The form of Open City is a flaneur's diary, only in the case of Julius, his strolls are not idle. He seems to be running from something. Coles's evocation of the
complexity and aggression of the city strongly evoked Dostoevsky, but his stream-of-consciousness prose reminded me most of Virginia Woolf as she portrays the inner journey of Clarissa Dalloway by allowing us to trail her as she runs errands in preparation for her dinner party. Cole's novel follows Julius's movements while revealing his experience, mostly related to identity, as it intersects with geography, politics, and culture. The rhythm of Julius's movement is more desultory than Clarissa's and his task less directed. Julius collects information and regales us with his knowledge - about early Dutch settlers treatment of Native Americans, the music of Gustav Mahler, the photography Martin Munkacsi. The writing lingers in this empirical data but knowledge is not necessarily connection, and Julius's experience is one of exile. This, as I read it, was the theme of Open City - not merely exile from one's place of birth, true for both Julius and for Cole - but also the sense of exile experienced by groups which society has decided to set apart by creating different expectations of them. Cole discusses the experiences of blacks in America, Muslims in America and northern Europe, jews, Palestinians, and gay people, and Cole provokes the reader's expectations of what qualities their identities should confer upon his characters, sometimes by meeting typical s expectations of them and at other times by defeating them. If you're black you're supposed to be a thug, not a doctor, certainly not a Mahler lover. If you are gay, you're supposed to be a club boy, not an octogenarian Asian physician...and blacks are all brothers to each other - aren't they?
At the almost empty subway station, there was a family of out-of-towners waiting for the train. A girl of thirteen sat on the bench next to me. Her ten-year-old brother came to join her. They were out of earshot of their parents who, save one or two unconcerned glances in our direction, were absorbed in their own conversation. Her mister, she said, turning to me, wassup? She made signs with her fingers and, with her brother, started laughing. The little boy wore an imitation Chinese peasant's hat. They had been mimicking slanted eyes and exaggerated bows before they came to where I was. They now both turned to me. Are you a gangster, mister? Are you a gangster? They both flashed gang signs, or their idea of gang signs. I looked at them. It was midnight, and I didn't feel like giving public lectures. He's black, said the girl but he's not dressed like a gangster. I bet he's a gangster, her brother said. I bet he is. Hey mister, are you a gangster?And then, only pages later...

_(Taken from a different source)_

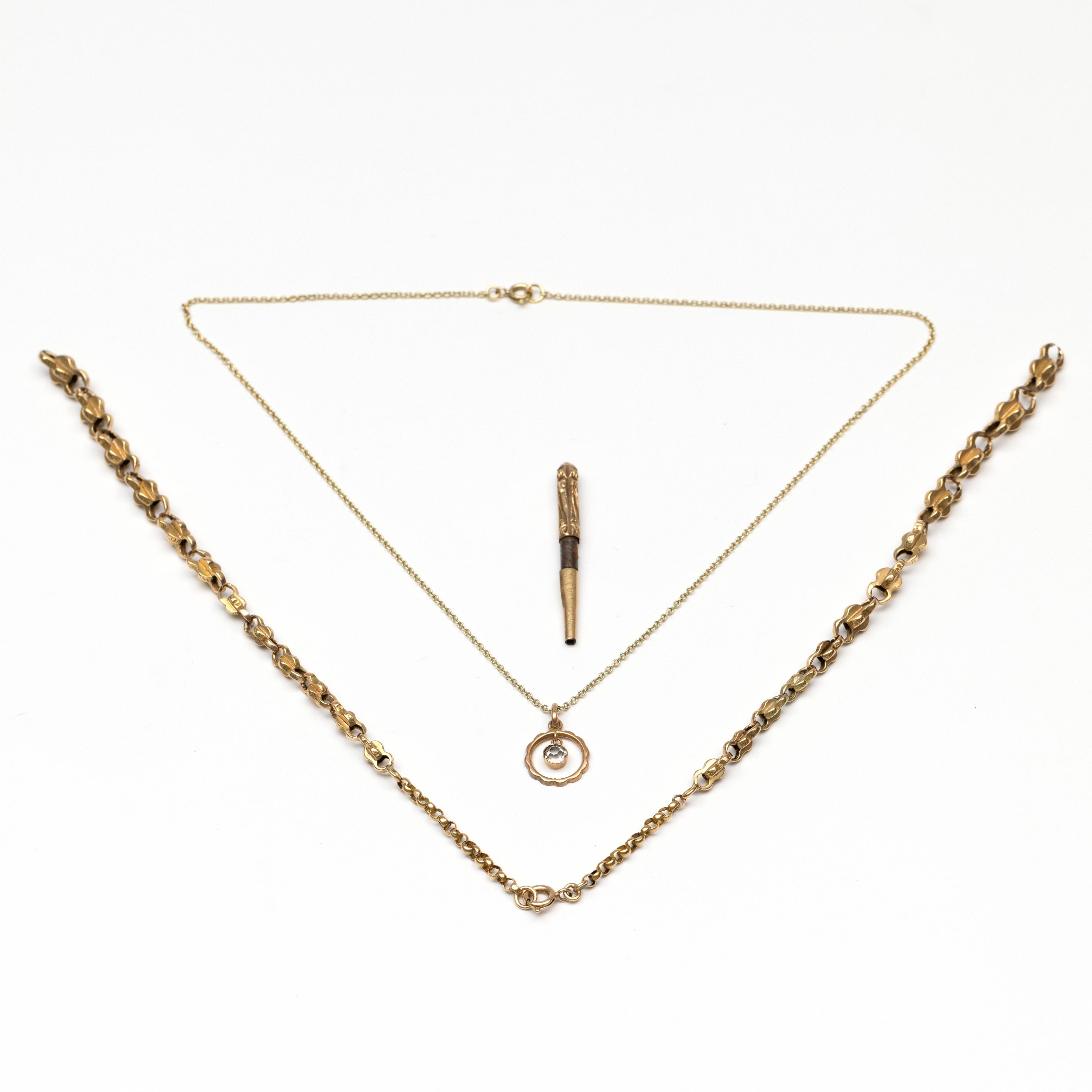 Various 14 k. gold pieces of jewellery, including a pendant with a paste and a watch key.
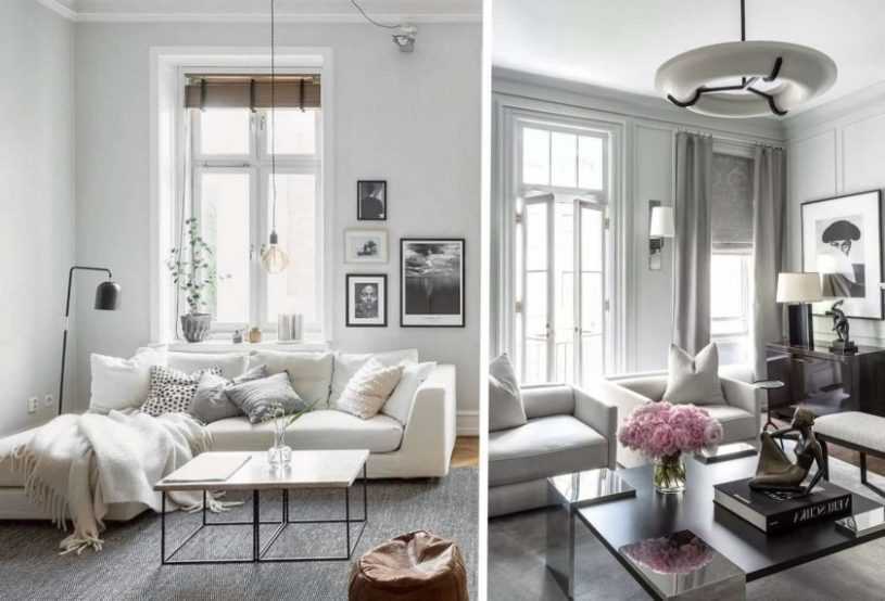 Для гостиной, оформленной в светлых тонах, противопоказано захламление предметами интерьера. Если заставить пространство мебелью, то исчезнет эффект огромной комнаты. Цвет фасадов и обивки на 2-3 оттенка отличается от основного фона. В сером зале роскошно смотрятся теплые бежевые и молочные шкафы, диван и кресла.

Not good, not good at all, you know, the way you came into my car without saying hello, that was bad. Hey, I'm African just like you, why you do this? He kept me in his sights in the mirror. I was confused, I said, I'm so sorry about it, my mind was elsewhere, don't be offended, ehn, my brother, how are you doing? He said nothing and faced the road. I wasn't sorry at all. I was in no mood for people who tried to lay claims on me...Initially, I was unsure as to whether I was reading a fictionalized pastiche of Teju Cole's life and little mini-lectures on every magazine article or museum exhibit he was obsessed with at the moment of writing it, or whether I was reading fiction. I came to understand this novel as fiction and then admire its artistry, even if its origins are partly autobiographical, because Cole's writing makes it clear that he has greater insight into Julius than Julius does himself, because his walks accumulate meaning that is greater than the sum of the individual episodes, and because my very confusion between writer and narrator became obvious in time as the book's artifice.
Despite the largely meditative tone, there were some striking moments, including Julius's encounters with his memorably written friend and mentor, Dr. Saito, and a particularly dramatic scene during which Julius, trying to exit Carnegie Hall, gets locked out on the roof. Here, he is suspended between the heavens he can see on that cold clear night from the roof, and the wailing sirens on the street he may fall on to, the mundanity of practical life and the ephemera of Mahler's Ninth Symphony, here, he tells us, he faced a "solitude of rare purity," an arresting evocation of of the complex state we come to recognize as Julius's.
In a visit Julius makes to Brussels, we learn that...
...there had been no firebombing of Bruges, or Ghent, or Brussels. Surrender, of course, played a role in this form of survival, as did negotiation with invading powers. Had Brussels's rulers not opted to declare it an open city and thereby exempt it from bombardment during the Second World War, it might have been reduced to rubble. It might have been another Dresden. As it was, it had remained a vision of the medieval and baroque periods, a vista interrupted only by the architectural monstrosities erected all over town by Leopold II in the late nineteenth century.
During my visit, the mild winter weather and the old stones lay a melancholy siege on the city. It was, in some ways, like a city in waiting...Julius may seek freedom from burdensome ties in the comfort of information, however, he too seems to live his life in waiting. Contemporary global culture may offer the potential for previously unseen interactions and opportunities but it confers upon modern life almost unfathomable complexity. Coles's novel is a thoughtful meditation on a paradoxical sense of exile that arises in a thoughtful modern man living in just such a world - our world.